*The task*
In this exercise, print only the lines of the records below from the one with "10月15日上午,党的二十大湖南代表团举行全体会议。湖南日报全媒体记者 唐俊 摄" through the one with "Ingredients: Tomato Puree", inclusive. Pictures are not part of the copy.

*Supplied entries*
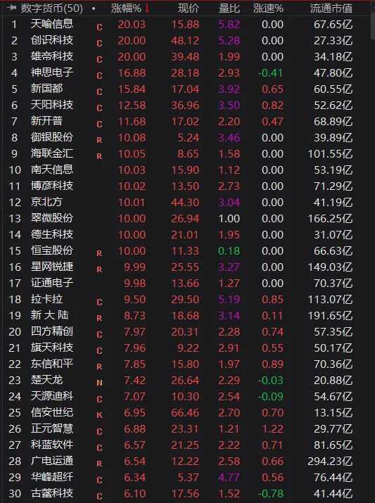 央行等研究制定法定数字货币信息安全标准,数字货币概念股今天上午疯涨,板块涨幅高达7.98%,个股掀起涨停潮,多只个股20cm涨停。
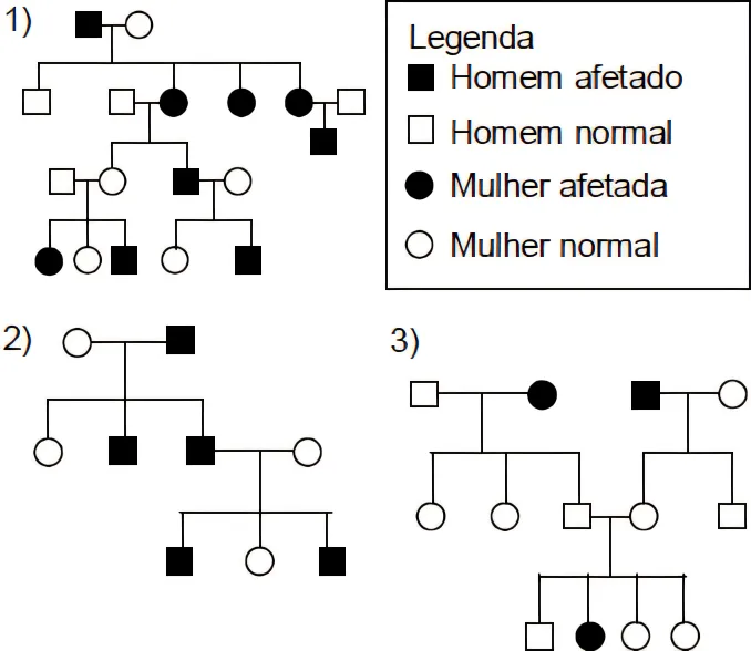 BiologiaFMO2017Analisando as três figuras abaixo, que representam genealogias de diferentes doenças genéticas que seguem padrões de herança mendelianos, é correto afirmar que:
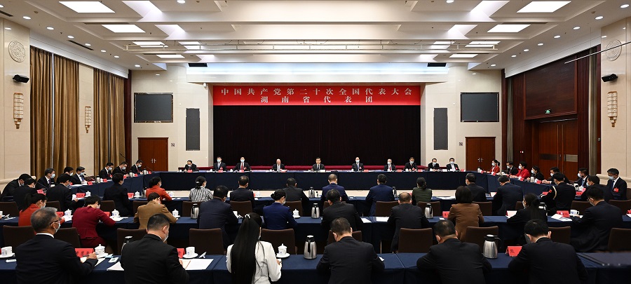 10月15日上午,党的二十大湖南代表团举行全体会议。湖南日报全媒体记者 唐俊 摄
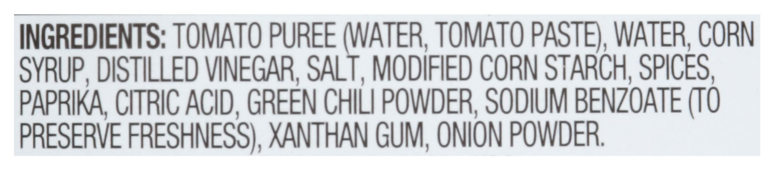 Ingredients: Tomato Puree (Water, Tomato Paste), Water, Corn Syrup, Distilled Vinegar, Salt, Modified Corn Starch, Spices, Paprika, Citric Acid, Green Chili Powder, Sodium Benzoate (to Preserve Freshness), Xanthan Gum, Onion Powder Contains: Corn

---

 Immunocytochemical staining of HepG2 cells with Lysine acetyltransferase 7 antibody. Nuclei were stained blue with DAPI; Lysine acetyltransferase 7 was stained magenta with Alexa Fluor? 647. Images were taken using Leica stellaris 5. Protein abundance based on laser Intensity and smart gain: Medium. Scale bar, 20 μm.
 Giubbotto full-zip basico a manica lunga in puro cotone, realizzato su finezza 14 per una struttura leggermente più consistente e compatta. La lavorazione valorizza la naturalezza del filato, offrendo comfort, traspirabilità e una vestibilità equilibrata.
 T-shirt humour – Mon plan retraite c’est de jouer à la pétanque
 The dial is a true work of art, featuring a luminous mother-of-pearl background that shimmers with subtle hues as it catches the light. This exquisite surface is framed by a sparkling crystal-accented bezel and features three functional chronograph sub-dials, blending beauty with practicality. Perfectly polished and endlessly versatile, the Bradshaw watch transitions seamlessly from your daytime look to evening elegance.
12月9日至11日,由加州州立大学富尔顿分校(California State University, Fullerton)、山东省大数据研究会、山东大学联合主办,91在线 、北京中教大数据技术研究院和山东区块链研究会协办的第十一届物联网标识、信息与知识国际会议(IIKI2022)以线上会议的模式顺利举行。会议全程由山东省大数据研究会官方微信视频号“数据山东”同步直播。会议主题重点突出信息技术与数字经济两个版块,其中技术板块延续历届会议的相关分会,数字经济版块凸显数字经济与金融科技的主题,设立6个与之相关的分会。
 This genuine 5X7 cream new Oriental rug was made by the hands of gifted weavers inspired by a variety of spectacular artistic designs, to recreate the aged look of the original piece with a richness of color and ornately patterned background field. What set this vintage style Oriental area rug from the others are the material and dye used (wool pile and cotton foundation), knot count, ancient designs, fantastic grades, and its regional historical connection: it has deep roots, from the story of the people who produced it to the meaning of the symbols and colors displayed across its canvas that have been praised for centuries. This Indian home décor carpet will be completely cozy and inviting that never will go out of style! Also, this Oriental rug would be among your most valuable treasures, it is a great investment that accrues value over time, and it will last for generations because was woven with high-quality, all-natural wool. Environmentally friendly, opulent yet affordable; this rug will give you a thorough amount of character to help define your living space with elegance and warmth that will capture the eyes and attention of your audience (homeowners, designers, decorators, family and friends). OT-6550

* * *

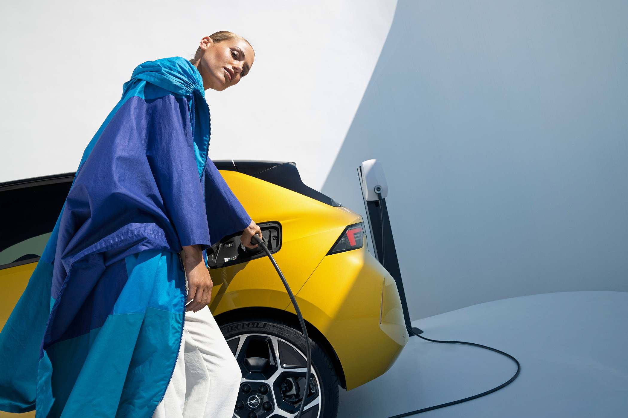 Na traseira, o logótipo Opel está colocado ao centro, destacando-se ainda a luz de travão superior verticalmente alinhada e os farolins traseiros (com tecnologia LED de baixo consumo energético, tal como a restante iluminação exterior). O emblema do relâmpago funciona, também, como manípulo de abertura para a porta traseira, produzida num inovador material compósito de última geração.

*Reply to the exercise*
 10月15日上午,党的二十大湖南代表团举行全体会议。湖南日报全媒体记者 唐俊 摄
 Ingredients: Tomato Puree (Water, Tomato Paste), Water, Corn Syrup, Distilled Vinegar, Salt, Modified Corn Starch, Spices, Paprika, Citric Acid, Green Chili Powder, Sodium Benzoate (to Preserve Freshness), Xanthan Gum, Onion Powder Contains: Corn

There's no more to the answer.